» Prompt: I'd like the data beneath this line reproduced exactly, without any of its images.

» Dataset excerpt:
-*-*-

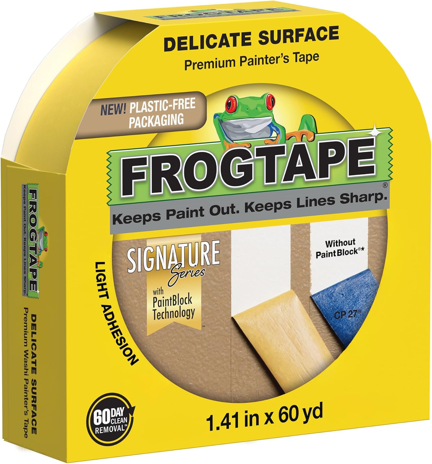 Get super sharp paint lines on your next project with FrogTape Delicate Surface Painter’s Tape. This premium washi painter's tape is treated with exclusive PaintBlock Technology to seal tape edges and prevent paint bleed. Plus, delicate surface painter's tape is specially designed with a lower adhesion level to help prevent surface damage on delicate surfaces like freshly painted walls, coated wallpaper and decorative projects.
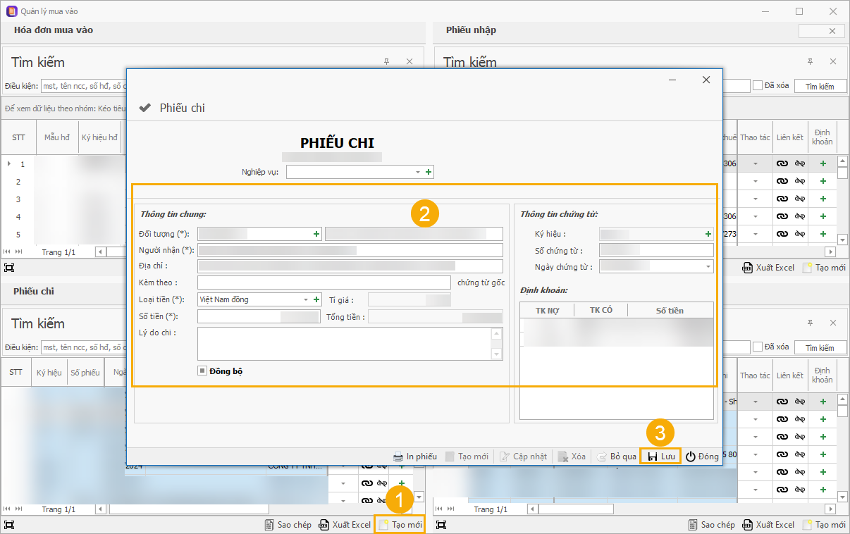 - Bước 3: Chọn Bảng Quản lý mua vào, mục Phiếu chi, chọn Tạo mới. Nhập chi tiết thông tin phiếu chi (số chứng từ, đối tượng, người nhận, lý do chi, số tiền,...) & Lưu.
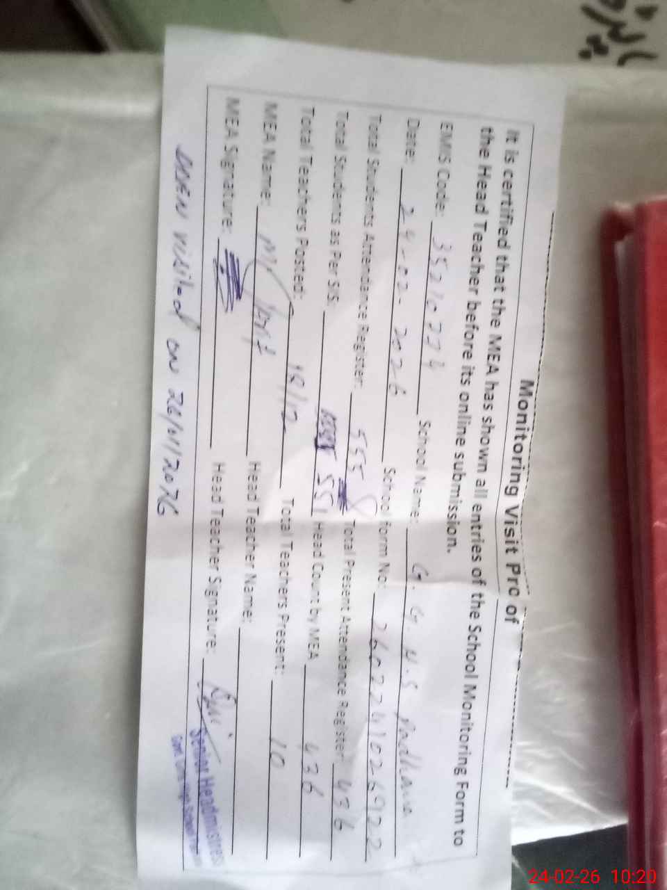 | Attendance Register | Head Teacher | MEA with School | Visit Proof |

-*-*-

» Output:
 Get super sharp paint lines on your next project with FrogTape Delicate Surface Painter’s Tape. This premium washi painter's tape is treated with exclusive PaintBlock Technology to seal tape edges and prevent paint bleed. Plus, delicate surface painter's tape is specially designed with a lower adhesion level to help prevent surface damage on delicate surfaces like freshly painted walls, coated wallpaper and decorative projects.
 - Bước 3: Chọn Bảng Quản lý mua vào, mục Phiếu chi, chọn Tạo mới. Nhập chi tiết thông tin phiếu chi (số chứng từ, đối tượng, người nhận, lý do chi, số tiền,...) & Lưu.
 | Attendance Register | Head Teacher | MEA with School | Visit Proof |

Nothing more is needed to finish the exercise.